Bundled and on-demand language packs

English is bundled at compile time and loaded with zero I/O. The other lemma dictionaries published by Michal Boleslav Měchura's lemmatization-lists project (Open Database License) are large enough that bundling them all would push the package over hex's size limit, so they are not shipped with the package and are instead loaded on demand via Text.Data. Available upstream:

  • Western European: de, es, fr, it, pt, ca, gl, ast
  • Northern European: sv, et
  • Central / Eastern European: cs, sk, sl, bg, ro, ru, uk, hu
  • Celtic: ga, gd, cy, gv
  • Other: fa

No nl (Dutch) file exists upstream — register a third-party Dutch dictionary via load_language/2 if you need it.

Three ways to make a non-English pack available:

  • Run mix text.download_lemma_data <lang> [...] once. This fetches the upstream files and places them in the configured Text.Data cache so subsequent lookups are zero-network. Set data_dir: in app config if you want them written somewhere other than ~/.cache/text/lemma/.

  • Set config :text, auto_download_lemma_data: true and let the first lookup for an uncached language fetch from upstream automatically. Without that flag, calls for an uncached language raise an ArgumentError explaining the situation.

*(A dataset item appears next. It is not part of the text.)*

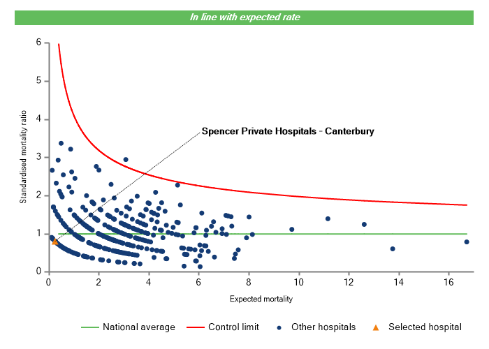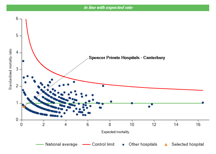 The vertical axis figures are presented as a standardised mortality ratio. This means the values do not represent percentages of patients who have died, but they represent the proportion of deaths compared to the national average. The data is also ‘risk adjusted’ to take account of the fact that different hospitals may operate on more higher-risk or lower-risk patients e.g. because of demographics in the patient population they work with.

  • Drop the lemmatization-<lang>.txt file into the configured cache directory yourself, or call load_language/2 with an explicit path.

Language input shapes

The :language option accepts an atom (:de), a string ("de", "de-CH"), or a Localize.LanguageTag struct. The base language subtag is used to pick the upstream file.

Lookup is case-insensitive on the input; the returned lemma uses the casing of the dictionary entry. Unknown words are returned unchanged.

Summary

Functions

Returns true if a word has a known lemma in the dictionary.

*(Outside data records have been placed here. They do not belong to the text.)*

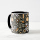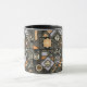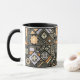 Abstraktes Muster mit geometrischen Formen und Linien auf schwarzem BKground.
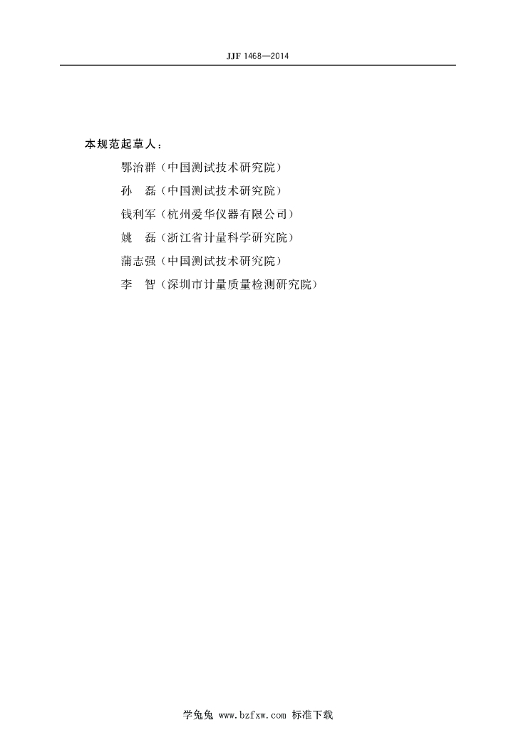鄂治群(中国测试技术研究院)、孙磊(中国测试技术研究院)、钱利军(杭州爱华仪器有限公司)、姚磊(浙江省计量科学研究院)、蒲志强(中国测试技术研究院)、李智(深圳市计量质量检测研究院)
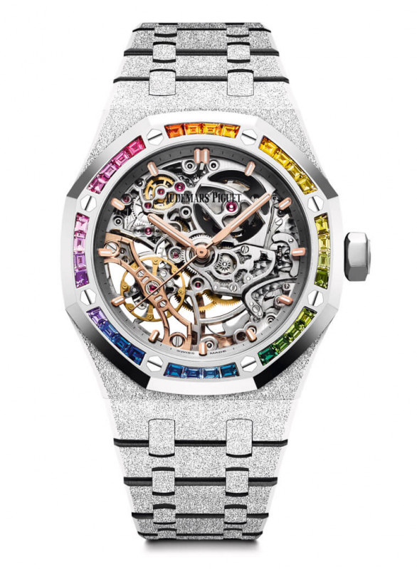 ▲霜金錶殼原本已經很具視覺魅力,愛彼再於錶圈上鑲上多達32顆的彩色藍寶石,每顆鑽石的顏色都不同,形成視覺上巧妙的漸層變色效果。

Returns the lemma of a single word.

Lemmatizes every word in a string.

Pre-loads a lemma dictionary for a language.

Functions

known?(word, options \\ [])

@spec known?(
  String.t(),
  keyword()
) :: boolean()

Returns true if a word has a known lemma in the dictionary.

Arguments

  • word is a string.

Options

  • :language is the language. Default :en.

Returns

  • true if the word appears as an inflected form in the dictionary, false otherwise. A word that is its own lemma only returns true if it also appears as an inflected form (e.g. runs is a form of run; run itself may not be a key).

Examples

iex> Text.Lemma.known?("running")
true

iex> Text.Lemma.known?("xyznotaword")
false

lemmatize(word, options \\ [])

@spec lemmatize(
  String.t(),
  keyword()
) :: String.t()

Returns the lemma of a single word.

Arguments

  • word is a string. Lookup is case-insensitive.

Options

Returns

  • The lemma if known, otherwise the input unchanged.

Examples

iex> Text.Lemma.lemmatize("running")
"run"

iex> Text.Lemma.lemmatize("mice")
"mouse"

iex> Text.Lemma.lemmatize("xyznotaword")
"xyznotaword"

lemmatize_text(text, options \\ [])

@spec lemmatize_text(
  String.t(),
  keyword()
) :: String.t()

Lemmatizes every word in a string.

Arguments

  • text is a string of zero or more words.

Options

  • :language is the language. Default :en.

Returns

  • A string with each word replaced by its lemma. Whitespace and surrounding punctuation are preserved as-is.

Examples

iex> Text.Lemma.lemmatize_text("the cats are running")
"the cat be run"

load_language(language)

@spec load_language(atom() | String.t() | struct()) :: :ok

Pre-loads a lemma dictionary for a language.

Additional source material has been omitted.